Bamber won the Le Mans overall in 2015 and ’17 with Porsche teams and also was a 2019 GTLM champion in IMSA.

“I am really happy to continue at Chip Ganassi Racing and Cadillac,” Bamber said in a release. “I’ve loved my first season in DPi and now to continue over into the LMDh era and WEC is super exciting. Looking forward to fighting for a world championship and another Le Mans victory.

“The World Endurance Championships gives us the opportunity to race at the world’s biggest race, which is Le Mans, the crown jewel of sports car racing. I’ve been lucky enough to win it before and it’s obviously a huge goal for Cadillac and everyone at Chip Ganassi Racing. To have that goal in sight is really exciting. It’s been great to have Alex as a teammate in 2022. We’ve been able to learn and grow together in the DPi, and we have a really good partnership going into WEC. We know each other really well and believe adding Richard will be a seamless transition.”

Said Westbrook: “After four really good years at Chip Ganassi Racing, I’ve got so many friends there and I’ve always dreamt to come back one day. It just worked so well between 2016 and 2019, and I’m delighted we found a route to come together again. I can’t wait, it’s an exciting era in sports car racing right now.
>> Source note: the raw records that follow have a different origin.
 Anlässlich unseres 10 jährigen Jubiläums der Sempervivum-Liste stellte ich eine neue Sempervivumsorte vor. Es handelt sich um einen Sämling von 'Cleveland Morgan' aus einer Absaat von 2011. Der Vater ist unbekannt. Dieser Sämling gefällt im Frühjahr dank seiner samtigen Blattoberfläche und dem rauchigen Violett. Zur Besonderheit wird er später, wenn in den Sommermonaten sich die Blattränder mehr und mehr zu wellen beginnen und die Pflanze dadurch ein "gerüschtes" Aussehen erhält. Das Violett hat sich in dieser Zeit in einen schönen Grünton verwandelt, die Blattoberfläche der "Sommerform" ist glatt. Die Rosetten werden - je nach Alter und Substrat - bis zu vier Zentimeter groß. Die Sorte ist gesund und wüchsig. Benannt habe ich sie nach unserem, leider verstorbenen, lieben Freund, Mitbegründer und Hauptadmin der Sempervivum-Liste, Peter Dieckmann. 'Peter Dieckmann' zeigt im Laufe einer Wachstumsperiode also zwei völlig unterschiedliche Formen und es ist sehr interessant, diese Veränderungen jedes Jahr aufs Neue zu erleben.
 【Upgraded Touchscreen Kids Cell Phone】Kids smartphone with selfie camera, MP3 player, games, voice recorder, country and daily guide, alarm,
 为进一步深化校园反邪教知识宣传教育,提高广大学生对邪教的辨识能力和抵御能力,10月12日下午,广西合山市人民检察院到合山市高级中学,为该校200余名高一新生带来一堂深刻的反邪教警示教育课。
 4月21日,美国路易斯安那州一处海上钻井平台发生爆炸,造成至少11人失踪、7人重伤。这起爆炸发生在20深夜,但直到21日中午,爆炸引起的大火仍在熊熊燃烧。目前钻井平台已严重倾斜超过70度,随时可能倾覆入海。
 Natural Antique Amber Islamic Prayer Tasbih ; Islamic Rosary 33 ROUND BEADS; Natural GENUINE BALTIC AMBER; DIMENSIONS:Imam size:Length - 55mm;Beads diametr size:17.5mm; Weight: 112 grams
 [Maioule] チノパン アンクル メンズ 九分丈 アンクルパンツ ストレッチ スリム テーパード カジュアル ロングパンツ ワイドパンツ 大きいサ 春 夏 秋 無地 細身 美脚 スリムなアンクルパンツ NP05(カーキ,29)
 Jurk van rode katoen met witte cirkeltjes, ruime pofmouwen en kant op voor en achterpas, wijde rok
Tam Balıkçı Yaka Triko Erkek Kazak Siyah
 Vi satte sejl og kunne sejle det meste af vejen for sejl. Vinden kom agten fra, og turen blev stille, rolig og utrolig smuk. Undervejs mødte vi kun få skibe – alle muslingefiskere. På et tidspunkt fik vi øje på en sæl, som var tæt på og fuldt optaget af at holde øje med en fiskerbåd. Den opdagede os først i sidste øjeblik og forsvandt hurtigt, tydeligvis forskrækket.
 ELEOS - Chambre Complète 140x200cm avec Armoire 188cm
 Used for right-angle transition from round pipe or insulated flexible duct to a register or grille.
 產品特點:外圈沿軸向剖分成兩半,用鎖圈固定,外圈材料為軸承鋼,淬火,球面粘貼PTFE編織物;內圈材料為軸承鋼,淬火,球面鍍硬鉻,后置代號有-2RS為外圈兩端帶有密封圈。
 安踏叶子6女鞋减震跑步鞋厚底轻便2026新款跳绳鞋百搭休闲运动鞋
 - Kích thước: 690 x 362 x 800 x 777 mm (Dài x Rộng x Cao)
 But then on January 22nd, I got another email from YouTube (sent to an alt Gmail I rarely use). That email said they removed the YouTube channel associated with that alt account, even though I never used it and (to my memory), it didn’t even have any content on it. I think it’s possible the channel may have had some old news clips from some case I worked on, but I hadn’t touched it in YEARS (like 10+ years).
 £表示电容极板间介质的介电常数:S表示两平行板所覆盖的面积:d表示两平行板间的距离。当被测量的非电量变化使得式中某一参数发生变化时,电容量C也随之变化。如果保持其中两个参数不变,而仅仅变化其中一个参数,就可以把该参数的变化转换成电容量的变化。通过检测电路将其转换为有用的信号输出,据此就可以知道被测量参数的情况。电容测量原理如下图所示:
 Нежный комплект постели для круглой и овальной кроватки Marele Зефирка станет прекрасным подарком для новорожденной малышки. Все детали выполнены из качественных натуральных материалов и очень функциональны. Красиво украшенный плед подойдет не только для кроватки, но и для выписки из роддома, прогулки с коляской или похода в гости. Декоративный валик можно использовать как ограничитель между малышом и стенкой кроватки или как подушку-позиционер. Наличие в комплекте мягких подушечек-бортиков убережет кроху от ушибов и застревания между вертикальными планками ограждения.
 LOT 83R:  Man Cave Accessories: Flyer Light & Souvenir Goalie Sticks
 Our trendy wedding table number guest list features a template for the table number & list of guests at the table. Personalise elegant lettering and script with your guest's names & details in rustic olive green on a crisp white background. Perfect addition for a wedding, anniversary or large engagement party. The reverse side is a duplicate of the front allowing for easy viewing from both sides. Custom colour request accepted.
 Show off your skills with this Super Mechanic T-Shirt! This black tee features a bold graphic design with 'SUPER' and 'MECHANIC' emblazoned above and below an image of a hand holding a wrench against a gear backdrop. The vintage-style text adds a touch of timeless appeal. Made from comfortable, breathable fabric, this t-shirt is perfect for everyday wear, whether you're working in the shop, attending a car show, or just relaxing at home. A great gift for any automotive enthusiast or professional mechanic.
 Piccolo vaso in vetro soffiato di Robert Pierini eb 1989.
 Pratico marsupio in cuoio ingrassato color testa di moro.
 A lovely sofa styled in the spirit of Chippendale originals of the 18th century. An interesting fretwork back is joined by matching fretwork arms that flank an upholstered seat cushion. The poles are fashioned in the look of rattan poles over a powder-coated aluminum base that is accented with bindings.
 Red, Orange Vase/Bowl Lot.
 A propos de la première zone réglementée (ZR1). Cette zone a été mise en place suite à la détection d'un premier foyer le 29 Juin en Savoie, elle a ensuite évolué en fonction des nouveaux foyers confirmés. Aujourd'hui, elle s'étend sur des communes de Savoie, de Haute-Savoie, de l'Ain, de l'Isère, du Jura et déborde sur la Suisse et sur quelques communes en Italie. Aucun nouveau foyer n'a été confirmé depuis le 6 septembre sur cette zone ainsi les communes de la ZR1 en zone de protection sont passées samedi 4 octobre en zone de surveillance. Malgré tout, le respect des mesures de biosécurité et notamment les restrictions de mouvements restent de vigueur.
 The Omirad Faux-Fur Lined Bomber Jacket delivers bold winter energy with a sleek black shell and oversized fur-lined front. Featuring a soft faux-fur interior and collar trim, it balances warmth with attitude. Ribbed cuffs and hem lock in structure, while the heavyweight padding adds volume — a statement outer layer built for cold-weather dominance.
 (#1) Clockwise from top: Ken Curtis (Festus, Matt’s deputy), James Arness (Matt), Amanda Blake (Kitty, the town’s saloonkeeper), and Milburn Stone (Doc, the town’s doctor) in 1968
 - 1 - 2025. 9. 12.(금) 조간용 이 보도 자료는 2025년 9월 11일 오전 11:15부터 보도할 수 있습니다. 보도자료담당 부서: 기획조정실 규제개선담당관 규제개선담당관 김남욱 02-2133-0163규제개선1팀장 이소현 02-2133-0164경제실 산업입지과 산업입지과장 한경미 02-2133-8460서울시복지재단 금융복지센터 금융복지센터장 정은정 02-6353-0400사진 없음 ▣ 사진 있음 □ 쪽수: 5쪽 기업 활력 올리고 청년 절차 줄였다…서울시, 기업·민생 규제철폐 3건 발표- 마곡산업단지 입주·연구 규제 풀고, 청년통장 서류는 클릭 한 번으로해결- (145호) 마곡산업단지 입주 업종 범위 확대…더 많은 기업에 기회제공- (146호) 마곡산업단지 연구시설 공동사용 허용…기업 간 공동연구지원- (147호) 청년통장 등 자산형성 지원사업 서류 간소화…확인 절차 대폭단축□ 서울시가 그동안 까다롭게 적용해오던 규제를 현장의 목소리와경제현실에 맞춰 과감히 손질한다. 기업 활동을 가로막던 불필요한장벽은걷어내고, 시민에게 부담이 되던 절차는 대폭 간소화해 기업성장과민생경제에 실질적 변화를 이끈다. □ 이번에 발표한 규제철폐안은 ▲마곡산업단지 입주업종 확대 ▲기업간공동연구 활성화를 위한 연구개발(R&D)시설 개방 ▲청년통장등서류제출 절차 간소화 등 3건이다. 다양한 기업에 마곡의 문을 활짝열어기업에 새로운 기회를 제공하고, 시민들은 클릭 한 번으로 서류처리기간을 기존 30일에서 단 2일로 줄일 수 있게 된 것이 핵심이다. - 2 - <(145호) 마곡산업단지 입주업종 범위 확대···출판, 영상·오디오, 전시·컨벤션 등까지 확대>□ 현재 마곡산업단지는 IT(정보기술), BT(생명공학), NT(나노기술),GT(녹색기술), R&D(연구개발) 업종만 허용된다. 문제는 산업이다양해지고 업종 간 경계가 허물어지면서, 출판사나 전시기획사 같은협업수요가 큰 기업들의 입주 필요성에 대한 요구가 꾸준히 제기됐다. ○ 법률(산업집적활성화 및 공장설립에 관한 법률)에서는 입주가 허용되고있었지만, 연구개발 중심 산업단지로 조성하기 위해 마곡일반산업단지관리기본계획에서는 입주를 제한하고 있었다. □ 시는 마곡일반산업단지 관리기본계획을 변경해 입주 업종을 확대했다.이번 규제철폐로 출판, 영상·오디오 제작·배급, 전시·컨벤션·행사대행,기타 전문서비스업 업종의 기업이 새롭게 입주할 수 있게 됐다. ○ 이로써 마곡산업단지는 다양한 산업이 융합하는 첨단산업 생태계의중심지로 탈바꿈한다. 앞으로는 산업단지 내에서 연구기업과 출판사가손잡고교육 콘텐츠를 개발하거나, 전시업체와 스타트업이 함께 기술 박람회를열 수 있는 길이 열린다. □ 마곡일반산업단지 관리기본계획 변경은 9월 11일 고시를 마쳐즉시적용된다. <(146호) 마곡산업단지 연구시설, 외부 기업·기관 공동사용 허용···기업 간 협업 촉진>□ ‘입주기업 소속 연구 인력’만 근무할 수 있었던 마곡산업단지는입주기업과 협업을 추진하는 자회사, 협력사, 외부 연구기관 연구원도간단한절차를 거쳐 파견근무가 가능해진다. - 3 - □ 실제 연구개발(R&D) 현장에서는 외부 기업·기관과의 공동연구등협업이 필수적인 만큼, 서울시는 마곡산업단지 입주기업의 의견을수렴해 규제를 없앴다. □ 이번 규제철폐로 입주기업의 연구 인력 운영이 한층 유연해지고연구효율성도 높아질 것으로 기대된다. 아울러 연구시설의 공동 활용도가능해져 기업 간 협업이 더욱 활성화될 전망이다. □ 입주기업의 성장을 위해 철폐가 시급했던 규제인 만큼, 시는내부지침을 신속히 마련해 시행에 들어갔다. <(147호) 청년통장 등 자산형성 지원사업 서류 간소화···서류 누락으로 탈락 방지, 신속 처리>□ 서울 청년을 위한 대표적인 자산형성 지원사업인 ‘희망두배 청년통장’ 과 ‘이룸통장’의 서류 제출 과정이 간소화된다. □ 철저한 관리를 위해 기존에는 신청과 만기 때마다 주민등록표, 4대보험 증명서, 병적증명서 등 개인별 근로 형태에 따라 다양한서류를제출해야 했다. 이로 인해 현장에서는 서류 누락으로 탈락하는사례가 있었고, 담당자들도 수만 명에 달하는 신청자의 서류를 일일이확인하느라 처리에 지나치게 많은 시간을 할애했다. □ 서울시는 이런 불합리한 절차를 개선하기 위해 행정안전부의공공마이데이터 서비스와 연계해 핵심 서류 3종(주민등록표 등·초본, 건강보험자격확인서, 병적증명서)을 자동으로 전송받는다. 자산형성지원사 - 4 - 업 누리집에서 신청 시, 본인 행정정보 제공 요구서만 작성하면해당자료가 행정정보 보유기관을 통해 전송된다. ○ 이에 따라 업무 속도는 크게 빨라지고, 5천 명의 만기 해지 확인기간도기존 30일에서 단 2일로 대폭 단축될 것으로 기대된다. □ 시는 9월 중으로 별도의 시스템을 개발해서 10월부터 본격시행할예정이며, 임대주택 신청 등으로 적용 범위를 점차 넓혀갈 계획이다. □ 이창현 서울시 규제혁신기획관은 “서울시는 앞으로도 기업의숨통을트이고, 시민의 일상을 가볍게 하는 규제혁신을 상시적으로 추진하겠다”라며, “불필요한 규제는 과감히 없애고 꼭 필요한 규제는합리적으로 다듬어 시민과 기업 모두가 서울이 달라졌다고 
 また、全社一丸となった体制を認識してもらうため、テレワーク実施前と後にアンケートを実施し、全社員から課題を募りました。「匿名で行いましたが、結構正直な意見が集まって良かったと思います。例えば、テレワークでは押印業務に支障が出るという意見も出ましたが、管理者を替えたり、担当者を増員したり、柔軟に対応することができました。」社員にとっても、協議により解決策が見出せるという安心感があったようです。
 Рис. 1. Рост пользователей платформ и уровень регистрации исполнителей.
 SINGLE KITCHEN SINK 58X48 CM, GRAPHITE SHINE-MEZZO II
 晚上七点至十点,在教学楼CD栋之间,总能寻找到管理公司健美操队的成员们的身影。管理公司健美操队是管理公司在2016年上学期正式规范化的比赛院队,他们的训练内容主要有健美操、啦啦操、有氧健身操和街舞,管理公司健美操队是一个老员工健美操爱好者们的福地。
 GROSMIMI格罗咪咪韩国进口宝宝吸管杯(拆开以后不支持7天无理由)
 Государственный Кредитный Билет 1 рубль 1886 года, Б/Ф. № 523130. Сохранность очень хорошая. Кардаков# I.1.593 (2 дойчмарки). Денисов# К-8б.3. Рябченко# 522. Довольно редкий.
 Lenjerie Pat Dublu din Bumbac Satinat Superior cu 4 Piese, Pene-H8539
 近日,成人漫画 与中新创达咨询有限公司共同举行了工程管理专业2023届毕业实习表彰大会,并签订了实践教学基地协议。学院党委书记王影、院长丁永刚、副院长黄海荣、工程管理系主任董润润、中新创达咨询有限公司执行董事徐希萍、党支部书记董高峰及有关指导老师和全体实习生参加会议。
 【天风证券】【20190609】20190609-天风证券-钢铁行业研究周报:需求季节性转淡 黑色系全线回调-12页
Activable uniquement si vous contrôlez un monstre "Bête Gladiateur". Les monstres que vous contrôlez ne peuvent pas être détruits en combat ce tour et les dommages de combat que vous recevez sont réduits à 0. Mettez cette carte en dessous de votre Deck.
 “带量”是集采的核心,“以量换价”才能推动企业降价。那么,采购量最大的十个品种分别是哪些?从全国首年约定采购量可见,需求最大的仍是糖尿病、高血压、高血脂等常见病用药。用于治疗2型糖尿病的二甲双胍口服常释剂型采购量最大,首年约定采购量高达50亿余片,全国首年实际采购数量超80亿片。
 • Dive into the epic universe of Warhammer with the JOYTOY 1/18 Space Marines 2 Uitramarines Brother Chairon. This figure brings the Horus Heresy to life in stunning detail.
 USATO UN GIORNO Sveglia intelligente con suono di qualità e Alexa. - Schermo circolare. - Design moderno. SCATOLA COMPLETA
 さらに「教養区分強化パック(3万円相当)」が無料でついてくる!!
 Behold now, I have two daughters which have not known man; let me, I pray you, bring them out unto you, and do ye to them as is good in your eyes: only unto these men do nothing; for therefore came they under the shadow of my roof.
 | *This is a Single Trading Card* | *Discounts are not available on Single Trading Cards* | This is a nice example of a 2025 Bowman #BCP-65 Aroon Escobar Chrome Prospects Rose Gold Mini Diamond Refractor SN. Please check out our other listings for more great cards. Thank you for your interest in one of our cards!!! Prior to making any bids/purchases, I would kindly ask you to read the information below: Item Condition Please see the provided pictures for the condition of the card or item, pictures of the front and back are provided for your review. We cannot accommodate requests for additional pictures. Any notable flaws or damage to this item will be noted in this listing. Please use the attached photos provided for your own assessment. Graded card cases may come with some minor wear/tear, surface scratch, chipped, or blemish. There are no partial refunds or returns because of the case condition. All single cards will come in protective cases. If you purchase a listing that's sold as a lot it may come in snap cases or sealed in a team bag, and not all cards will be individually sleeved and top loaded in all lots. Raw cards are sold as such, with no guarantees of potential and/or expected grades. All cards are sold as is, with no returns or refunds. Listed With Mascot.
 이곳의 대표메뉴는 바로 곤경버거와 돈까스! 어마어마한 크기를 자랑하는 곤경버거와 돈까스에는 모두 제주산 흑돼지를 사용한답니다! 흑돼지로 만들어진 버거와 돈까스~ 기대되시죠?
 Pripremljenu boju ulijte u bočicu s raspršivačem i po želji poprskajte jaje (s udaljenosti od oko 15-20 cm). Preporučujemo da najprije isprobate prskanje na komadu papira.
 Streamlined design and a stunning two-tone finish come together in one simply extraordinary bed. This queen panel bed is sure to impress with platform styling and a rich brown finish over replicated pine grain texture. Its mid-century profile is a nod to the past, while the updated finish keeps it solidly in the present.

“I feel like I know Alex and Earl really well. I did Le Mans with Alex in 2020 and I’ve known him for years. It feels like I’m going back with an ex-teammate and exactly the same with Earl. Although I’ve never shared a car with Earl, we’ve always done the same sort of racing be it in WEC or in IMSA. We’ve had lots of battles, including this year in our dueling Cadillacs. We’ve always gotten along quite well, and I can say we’re going to have a great year together.”

The seven-race WEC season, which also includes a stop at Spa, will begin March 17 with the 1,000 Miles of Sebring at Sebring International Raceway in Florida.